Task details -
All that should come back is the lines of the data below from the one containing "Το πρωί του" to the one containing "园林细节遵循中国传统园林艺术", inclusive, exactly as they stand.

Input -
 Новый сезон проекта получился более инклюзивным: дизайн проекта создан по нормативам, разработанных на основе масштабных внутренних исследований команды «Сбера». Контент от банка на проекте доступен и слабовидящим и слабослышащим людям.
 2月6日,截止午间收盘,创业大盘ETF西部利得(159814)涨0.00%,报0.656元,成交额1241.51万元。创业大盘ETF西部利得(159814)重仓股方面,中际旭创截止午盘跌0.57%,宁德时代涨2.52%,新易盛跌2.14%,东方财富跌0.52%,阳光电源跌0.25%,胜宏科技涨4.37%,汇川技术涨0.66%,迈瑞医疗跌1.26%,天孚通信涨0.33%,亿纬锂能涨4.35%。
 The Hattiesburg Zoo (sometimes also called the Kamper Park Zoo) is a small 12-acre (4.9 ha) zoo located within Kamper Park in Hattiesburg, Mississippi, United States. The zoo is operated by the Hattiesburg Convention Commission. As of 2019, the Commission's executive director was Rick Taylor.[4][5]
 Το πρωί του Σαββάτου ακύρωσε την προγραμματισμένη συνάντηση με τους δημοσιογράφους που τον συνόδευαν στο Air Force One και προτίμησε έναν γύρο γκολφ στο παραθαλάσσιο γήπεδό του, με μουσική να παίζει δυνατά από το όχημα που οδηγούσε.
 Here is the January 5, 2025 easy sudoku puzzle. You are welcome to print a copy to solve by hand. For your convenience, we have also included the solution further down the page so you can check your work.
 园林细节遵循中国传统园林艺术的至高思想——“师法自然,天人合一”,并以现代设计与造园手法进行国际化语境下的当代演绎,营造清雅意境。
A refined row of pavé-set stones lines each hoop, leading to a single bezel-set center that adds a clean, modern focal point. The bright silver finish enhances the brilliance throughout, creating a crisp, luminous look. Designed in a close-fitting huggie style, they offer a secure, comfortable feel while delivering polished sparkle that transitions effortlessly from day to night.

...

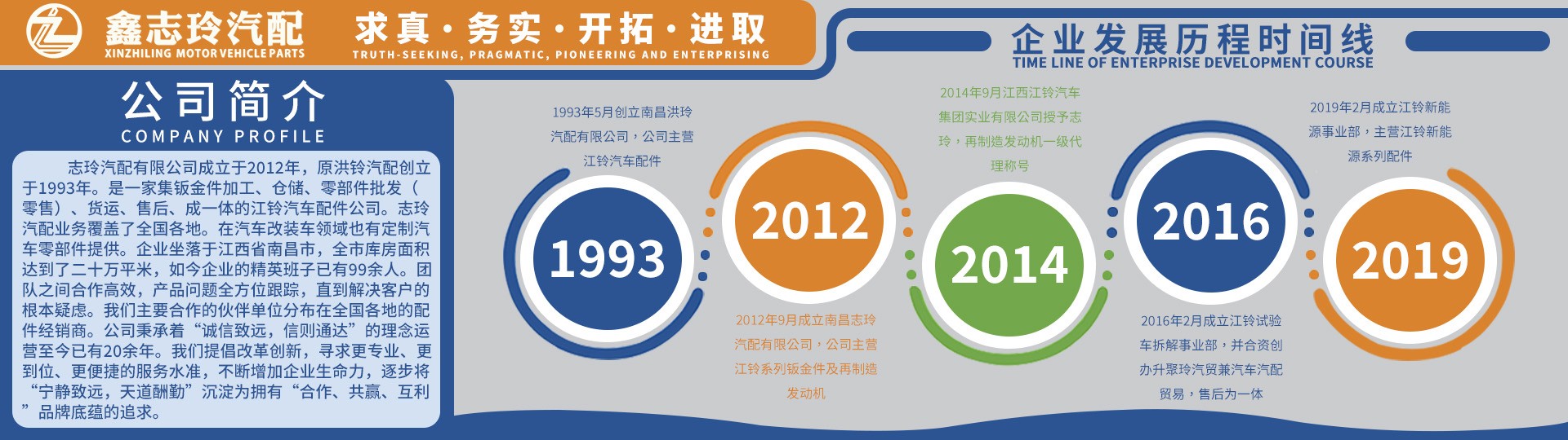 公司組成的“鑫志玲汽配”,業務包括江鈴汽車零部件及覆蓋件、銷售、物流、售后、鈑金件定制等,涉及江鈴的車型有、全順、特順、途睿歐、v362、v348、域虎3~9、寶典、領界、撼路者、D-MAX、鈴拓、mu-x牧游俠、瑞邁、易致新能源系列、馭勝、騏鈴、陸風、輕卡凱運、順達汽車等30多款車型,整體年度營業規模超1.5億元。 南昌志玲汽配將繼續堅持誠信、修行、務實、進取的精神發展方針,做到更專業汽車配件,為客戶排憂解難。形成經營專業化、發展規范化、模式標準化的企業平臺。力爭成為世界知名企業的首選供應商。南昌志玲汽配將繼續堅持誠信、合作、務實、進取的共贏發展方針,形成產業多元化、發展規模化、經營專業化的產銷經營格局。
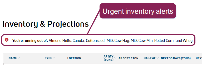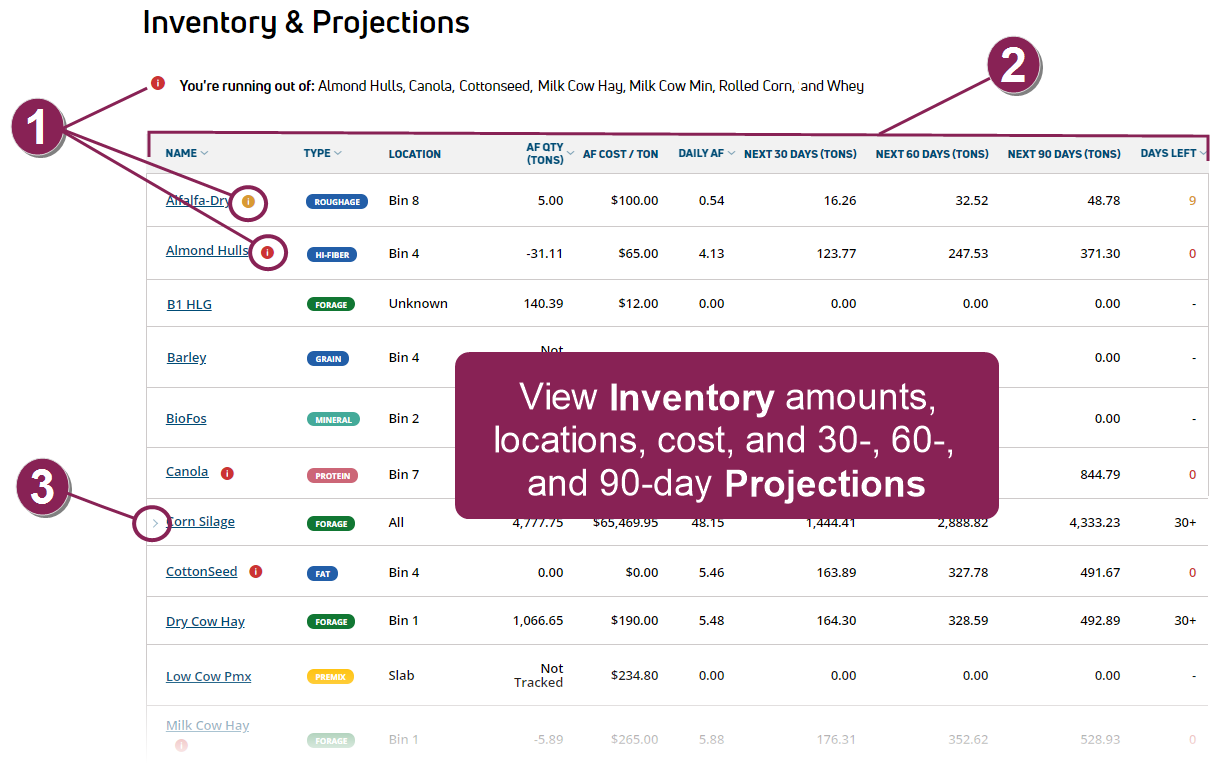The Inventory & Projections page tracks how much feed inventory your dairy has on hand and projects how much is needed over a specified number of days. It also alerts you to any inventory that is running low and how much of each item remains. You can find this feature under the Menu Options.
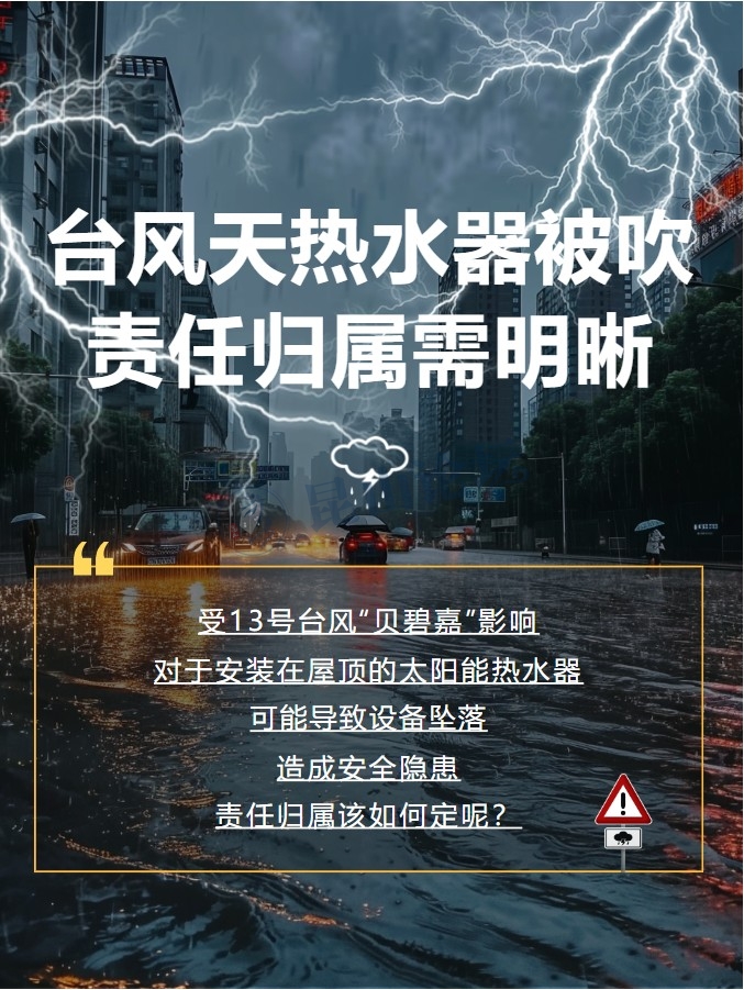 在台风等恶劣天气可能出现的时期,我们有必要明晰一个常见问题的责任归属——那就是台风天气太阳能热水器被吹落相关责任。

Result -
 Το πρωί του Σαββάτου ακύρωσε την προγραμματισμένη συνάντηση με τους δημοσιογράφους που τον συνόδευαν στο Air Force One και προτίμησε έναν γύρο γκολφ στο παραθαλάσσιο γήπεδό του, με μουσική να παίζει δυνατά από το όχημα που οδηγούσε.
 Here is the January 5, 2025 easy sudoku puzzle. You are welcome to print a copy to solve by hand. For your convenience, we have also included the solution further down the page so you can check your work.
 园林细节遵循中国传统园林艺术的至高思想——“师法自然,天人合一”,并以现代设计与造园手法进行国际化语境下的当代演绎,营造清雅意境。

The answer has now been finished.